### Your assignment
In the material below, begin at the line that has "2、報名回執(zhí)表需在培訓(xùn)開始前5日,回傳至我司。", stop after the line that has "好的我们查看后没有问题就进行", and transcribe those lines exactly, without pictures.

### Exercise material
··········
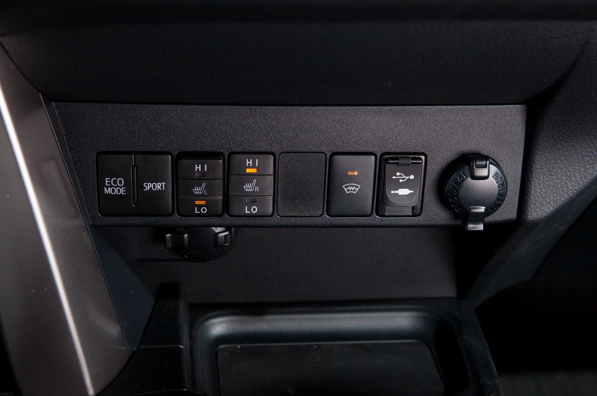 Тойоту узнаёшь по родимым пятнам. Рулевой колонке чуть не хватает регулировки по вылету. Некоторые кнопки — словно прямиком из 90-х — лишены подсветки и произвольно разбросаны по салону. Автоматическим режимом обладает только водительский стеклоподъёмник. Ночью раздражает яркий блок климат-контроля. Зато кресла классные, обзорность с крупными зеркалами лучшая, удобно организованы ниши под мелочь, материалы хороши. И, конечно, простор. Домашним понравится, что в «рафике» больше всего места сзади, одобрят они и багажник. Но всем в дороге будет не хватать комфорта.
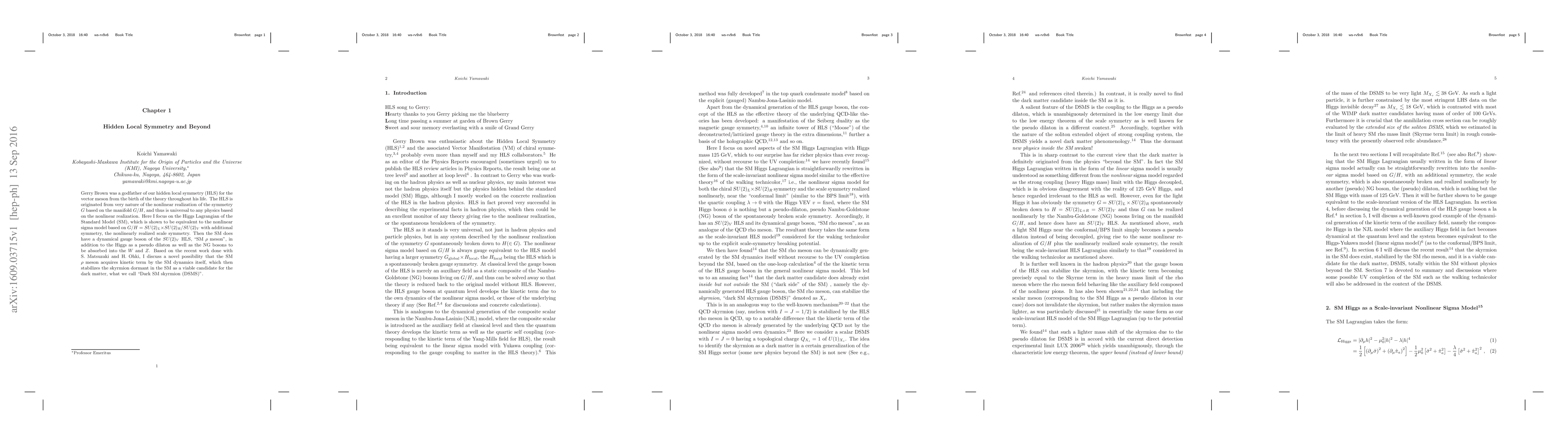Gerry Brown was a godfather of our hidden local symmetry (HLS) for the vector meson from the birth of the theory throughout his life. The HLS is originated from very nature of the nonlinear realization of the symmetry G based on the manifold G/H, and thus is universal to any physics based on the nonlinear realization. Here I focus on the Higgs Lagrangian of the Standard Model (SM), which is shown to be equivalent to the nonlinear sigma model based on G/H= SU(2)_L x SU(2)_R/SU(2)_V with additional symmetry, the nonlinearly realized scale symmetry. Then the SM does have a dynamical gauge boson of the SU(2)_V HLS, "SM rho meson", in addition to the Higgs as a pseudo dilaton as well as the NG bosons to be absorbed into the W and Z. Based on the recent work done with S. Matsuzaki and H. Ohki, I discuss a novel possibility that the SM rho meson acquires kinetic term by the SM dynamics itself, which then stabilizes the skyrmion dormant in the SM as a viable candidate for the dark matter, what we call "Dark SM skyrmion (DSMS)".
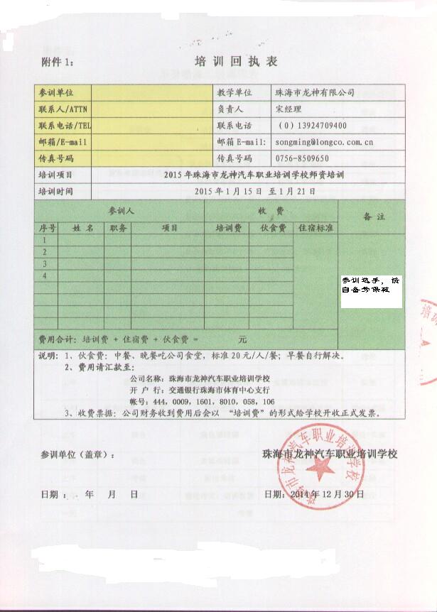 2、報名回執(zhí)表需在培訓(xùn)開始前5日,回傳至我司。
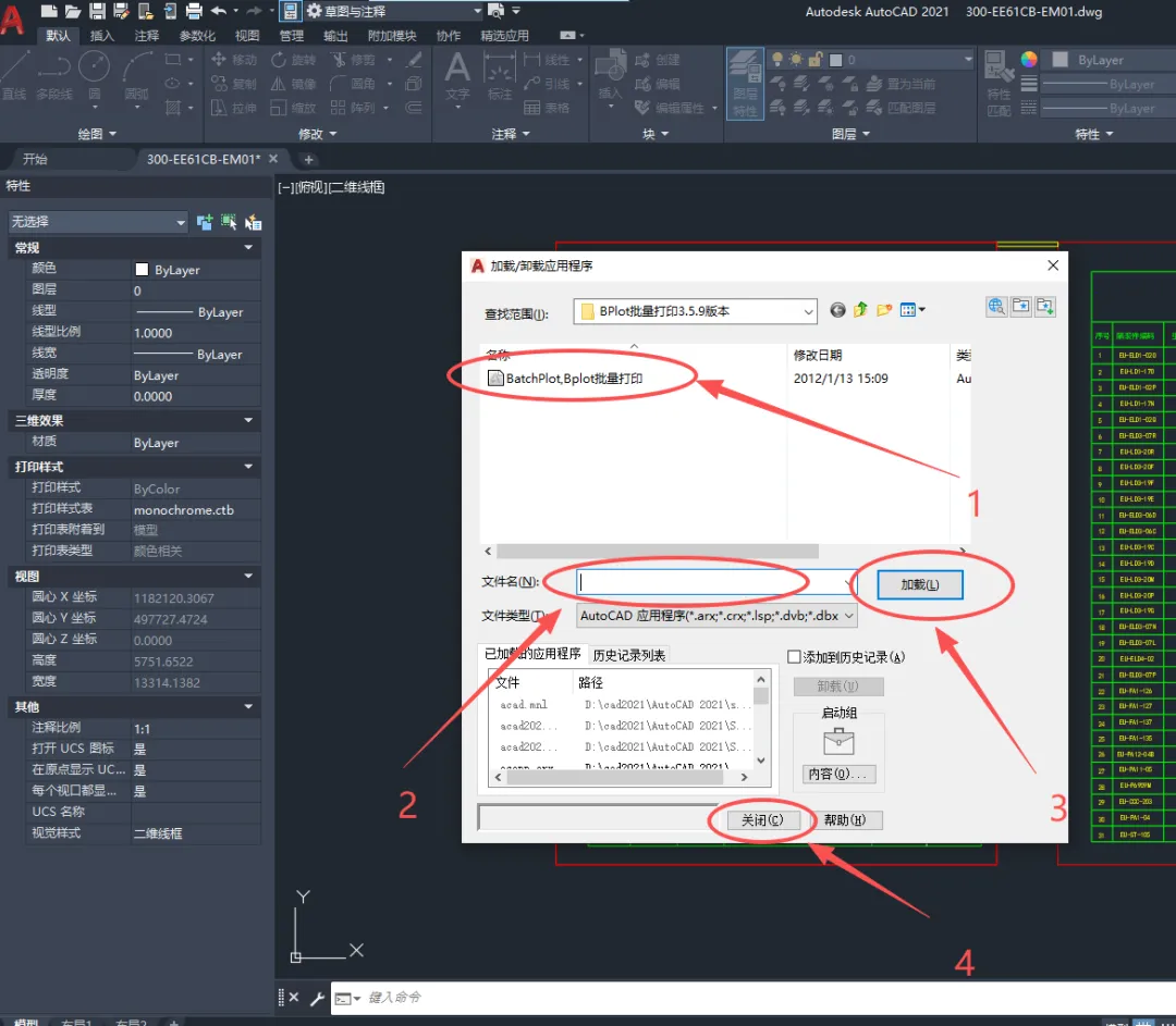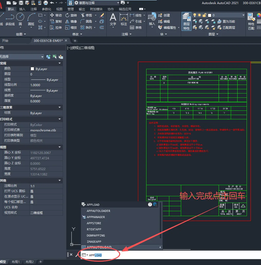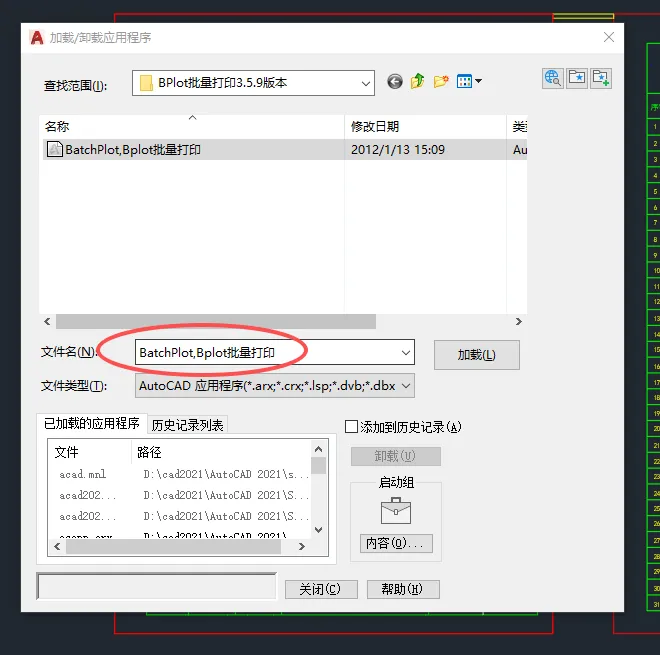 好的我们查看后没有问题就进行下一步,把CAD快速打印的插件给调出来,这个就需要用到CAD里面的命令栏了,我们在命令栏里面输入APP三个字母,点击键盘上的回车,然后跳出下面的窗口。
··········
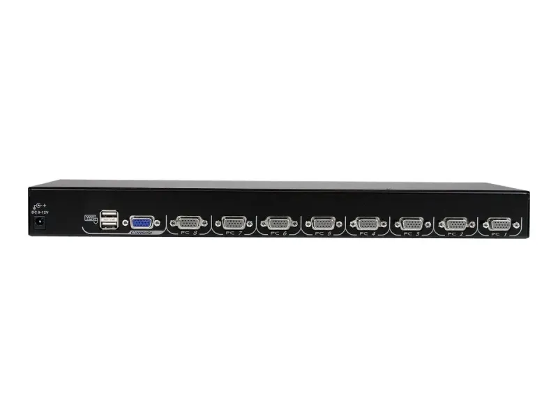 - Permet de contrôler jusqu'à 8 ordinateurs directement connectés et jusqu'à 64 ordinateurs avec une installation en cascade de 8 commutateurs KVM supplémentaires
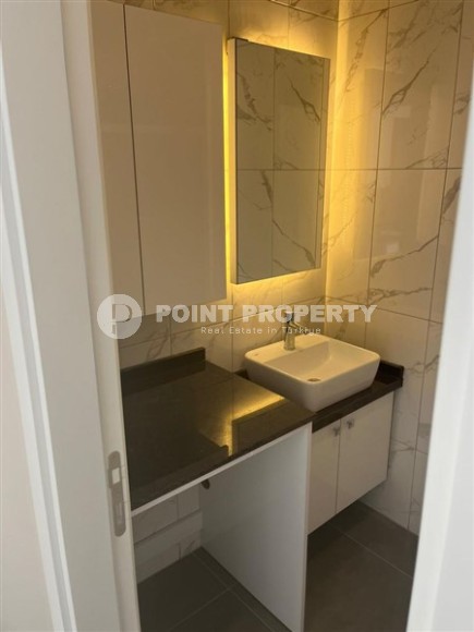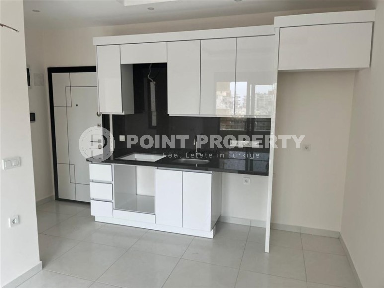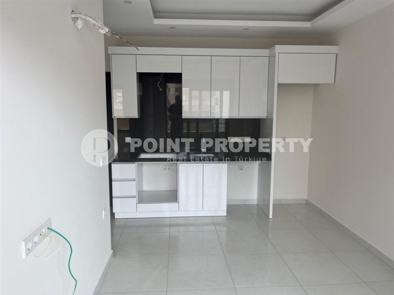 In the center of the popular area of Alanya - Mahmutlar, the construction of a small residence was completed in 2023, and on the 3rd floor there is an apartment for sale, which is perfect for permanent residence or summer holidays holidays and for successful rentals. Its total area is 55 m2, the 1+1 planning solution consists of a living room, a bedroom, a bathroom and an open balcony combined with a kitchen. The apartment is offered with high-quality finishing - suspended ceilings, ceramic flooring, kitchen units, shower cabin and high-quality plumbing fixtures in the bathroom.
··········
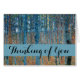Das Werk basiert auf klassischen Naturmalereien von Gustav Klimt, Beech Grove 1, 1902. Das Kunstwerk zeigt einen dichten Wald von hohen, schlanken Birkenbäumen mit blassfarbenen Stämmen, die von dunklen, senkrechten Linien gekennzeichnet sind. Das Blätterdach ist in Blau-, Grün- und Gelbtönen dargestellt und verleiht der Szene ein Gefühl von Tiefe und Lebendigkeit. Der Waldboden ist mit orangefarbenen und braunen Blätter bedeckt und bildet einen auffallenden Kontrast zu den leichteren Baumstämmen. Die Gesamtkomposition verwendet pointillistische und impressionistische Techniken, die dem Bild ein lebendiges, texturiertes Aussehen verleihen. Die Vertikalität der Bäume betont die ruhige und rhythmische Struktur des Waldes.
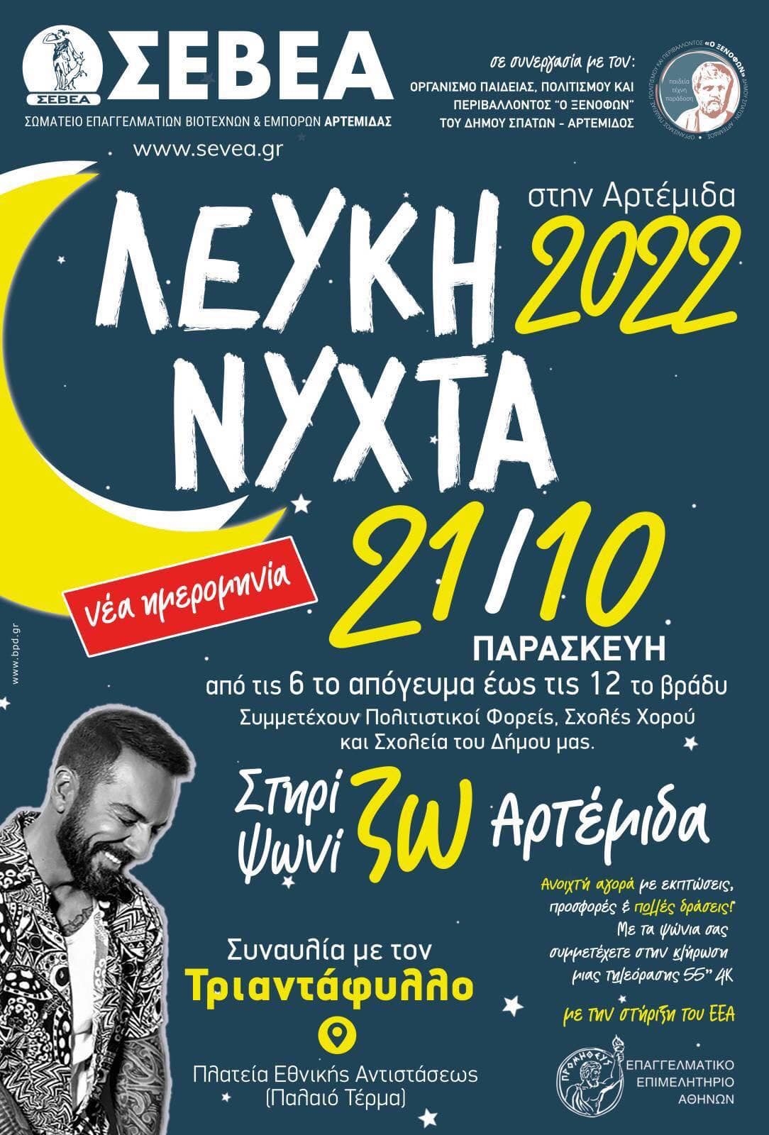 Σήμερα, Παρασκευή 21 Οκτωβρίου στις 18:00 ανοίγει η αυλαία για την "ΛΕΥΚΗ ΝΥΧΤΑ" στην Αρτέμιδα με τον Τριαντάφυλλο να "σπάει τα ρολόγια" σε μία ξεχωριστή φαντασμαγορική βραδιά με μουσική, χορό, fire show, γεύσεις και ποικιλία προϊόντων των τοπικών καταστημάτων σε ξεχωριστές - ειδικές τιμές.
··········
### Exercise output
 2、報名回執(zhí)表需在培訓(xùn)開始前5日,回傳至我司。
 好的我们查看后没有问题就进行下一步,把CAD快速打印的插件给调出来,这个就需要用到CAD里面的命令栏了,我们在命令栏里面输入APP三个字母,点击键盘上的回车,然后跳出下面的窗口。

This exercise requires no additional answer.